/ 16 November 2012

Jazzing up a historical record

The Manhattan Brothers.
The Manhattan Brothers.

MARABI NIGHTS: JAZZ, 'RACE' AND SOCIETY IN EARLY APARTHEID SOUTH AFRICA by Christopher Ballantine (UKZN Press)

Musician-philosopher Anthony Braxton argues that the study of culture is meaningful only when it deals with the "composite realness of creativity". With music, for example, how it began, what it is becoming, and what it means to those who make it and experience it all contribute more to real understanding than any constructed categories of origin such as genre or race.

If the reissue of Chris Ballantine's Marabi Nights after almost 20 years had not a comma changed from the 1993 original, it would still be worth owning for the contribution it makes to that project.
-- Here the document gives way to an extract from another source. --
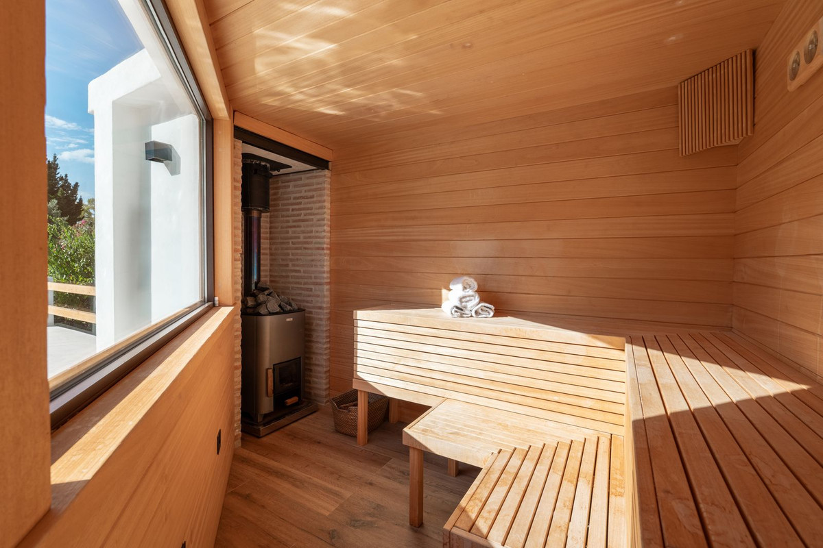 What makes this property truly special is the amazing outdoor space. Instead of a traditional garden, the villa offers many inviting seating and chill-out areas surrounded by beautiful planting and greenery, creating a relaxing atmosphere throughout. Outside you will also find a brand new private pool, an outdoor shower next to the pool, a fully equipped outdoor kitchen, a sauna and a cozy seating area with a fire pit, perfect for enjoying Marbella’s fantastic climate with family and friends.

Ballantine's book was always more than an account of a genre. Although pinpoint accurate about which players recorded which track on what date, it never — as many older works of jazz musicology do — made discography the point of the exercise. Instead, it created other things: a narrative of people crafting beauty under intolerable circumstances, a work of historiography that unpicks how genres have been anatomised and dissected by scholars and commentators, and an intellectual history of a milieu and a music. None of that has been lost (and some of its force has been amplified) by a reissue that includes significant new material.

For those who do not yet know the book, it tells the story of the growth of urban black popular music over the 40 years (1920-1960) when vaudeville, marabi and other strands wove themselves together into a new cloth that has been labelled South African jazz.

Ballantine is understandably careful, in that era and context, to clarify (and enclose in quotes) his use of the term "race". He might justifiably have done the same for "jazz", a term no less constructed, contested and ­misused. His narrative, however, does make it clear that the "jazz" label (with its imported connotations) did not always line up neatly with what South African players contributed and learned during the jazz process, although both played a role in the music's ­creation.

This disjuncture often provokes chicken-and-egg debates about "African" versus "American" elements in the popular music of the period and declarations of (in)authenticity rooted in a sterile essentialism.

One of Ballantine's new chapters, on the Manhattan Brothers and male-voice, close-harmony singing, provides a beautifully nuanced account of the complex currents between Africa and the United States: it was never a one-way traffic and globalisation has been around a lot longer than the term that now describes it.

The other new chapter deals with gender, migrancy and the music. Again, Braxton provides an unexpected parallel. In volume three of the Tri-Axium Writings, Braxton describes how what he calls the musical "source-shift transfer" of bebop moved much production of African-American music not only away from the church, but also away from women, whose role as musical creators had enjoyed recognition and power in the church.

Ballantine describes a similar displacement of women's previously significant musical agency during the 1950s in South Africa. Then, the commercialisation of music performance, alongside the disruptive brutality of the migrant labour system, forced changes in women's roles and in their depiction.

The chapter is a superb, profound piece of analysis, relating socioeconomic conditions to aesthetics without eliding any of the complex and contradictory flows in that ­relationship.

The first edition of Marabi Nights came with a cassette (I still have mine). In 2012 we get a CD, a collection of 25 early and rare tracks, including what has been called "the first South African jazz recording": Solomon "Zuluboy" Cele and the Jazz Maniacs in 1939 performing Tsaba Tsaba and Izikhalo Zika Zuluboy.

Concluding such a powerful and inspiring book, it is a pity that Ballantine's afterword expresses only what are almost the ritual negative words about current music. Indeed, most of what major South African record labels showcase and peddle is bland, formulaic, off-key and over-hyped — as in the rest of the world. Emerging from the bizarre deformations of apartheid, we now endure merely the usual deformations of capitalism, including its music industry.

But look outside commercial channels and you will also hear a great deal of skilful, joyful, conscious and distinctively South African jazz: live and recorded. Honouring past creativity is vital, but those creating beauty today need acknowledgment too, while they still live.